During this same period, Sandy Islander Yvonne Tucker-Harris recalls helping her grandmother complete math assignments for the Sandy Island’s adult classes. Central to the mission of the adult school, however, was voter registration. According to Funnye, Plantersville’s civic leaders told the community to attend the adult school to “learn how to read so you know how to vote.”

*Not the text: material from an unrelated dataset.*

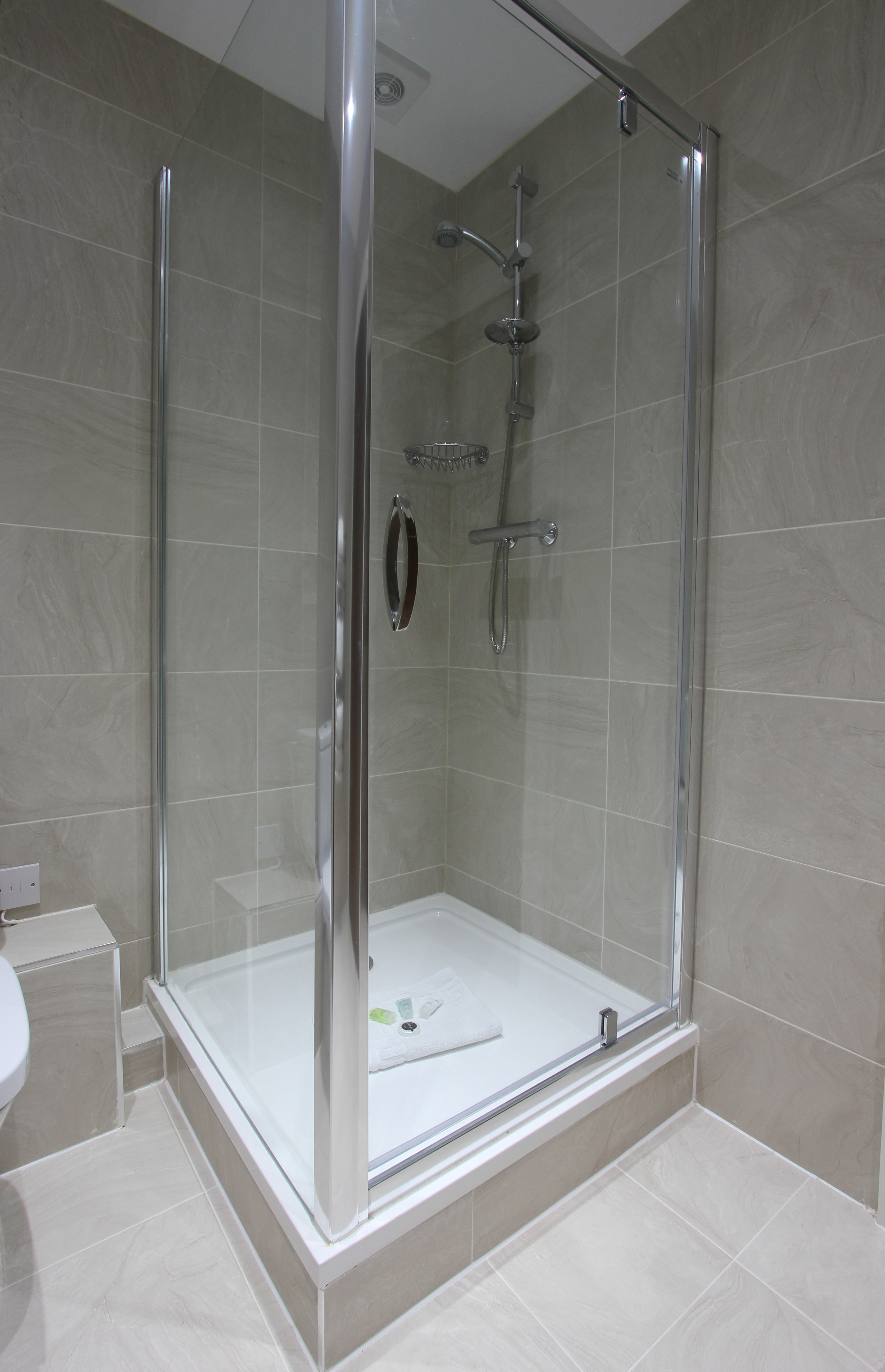 The spacious bedroom is modern with ample wardrobe space. The shower rooms are bright and modern.
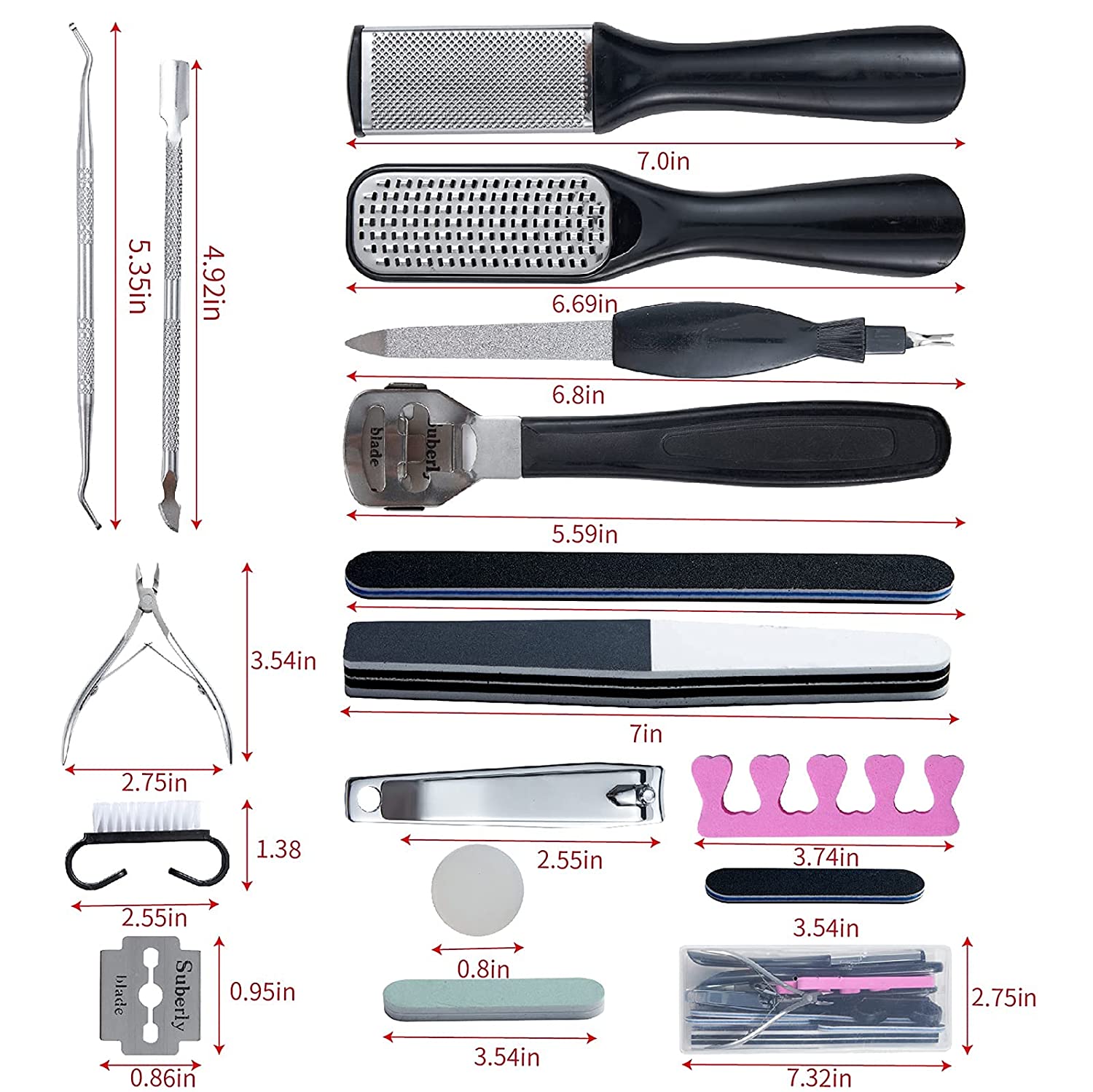 LIGHTWEIGHT DESIGN: The huge foot file has an ergonomic non-slip handle.Whether you are using a foot planer or stainless steel pusher, their handles provide a comfortable grasp and make the whole process easy. SUGGESTIONS FOR USE: It is recommended to use 1-2 times a week to achieve better results, and then use the foot planer tool after drying the water. It is recommended to use a foot planer if the dead skin is particularly thick. (Hint: Even if the safety is the highest, please pay attention when using it.) BEST GIFT: High-quality 23-in-1 pedicure tool is the best choice for you to get professional foot care pedicure at home. In addition, you will have 8 ear cleaning kits.People have learned to use the family pedicure kit, and can also help husbands or wives, children, parents pedicure, and strengthen the relationship between family members. It will be a perfect gift. 2x double-sided coarse and fine grinding foot files; 1x two-in-one nail file and cuticle trimmer; 5x short nail double-sided polishing strip;3x long nail double-sided polishing strip; 1x stainless steel callus scraper; 3x replacement sharp blades; 1x nail clippers; 1x nail brush;1x Clean Nails;2x toe separators; 1x silicone gasket; 1x dead skin pliers; 1x callus shaver; 1x storage box;5xTraditonal Ear Pick;1x Spiral Ear Pick;1x Spring Ear Pick;1xCleaning Brush; 1x storage box.Different tools to meet your different needs.

Through the efforts of the NAACP, Progressive Democratic Party, and the Georgetown County Negro Adult School program, the total number of registered voters in Georgetown County increased from 5,608 to 10,366 (85%) between 1958-1962. Through these adult education courses, Sandy Island rekindled its political power hard-won during Reconstruction. Sandy Island’s seniors, who were past school age when the Sandy Island school was built, passed the challenging literacy tests each year to cast their vote—a practice continued until this day. Sandy Island and Waccamaw Neck activist and voting precinct volunteer Genevieve Peterkin described them as the most “civic-minded people” with a nearly 100% turnout in every election, and potential candidates would noticeably appeal to island community leaders, such as Prince Washington, for the islanders’ vote.

The Sandy Island School was added to the African American Civil Rights Network (AACRN) in September 2021. 

The African American Civil Rights Network recognizes the civil rights movement in the United States and the sacrifices made by those who fought against discrimination and segregation. Created by the African American Civil Rights Act of 2017, and coordinated by the National Park Service, the Network tells the stories of the people, places, and events of the U.S. civil rights movement through a collection of public and private resources.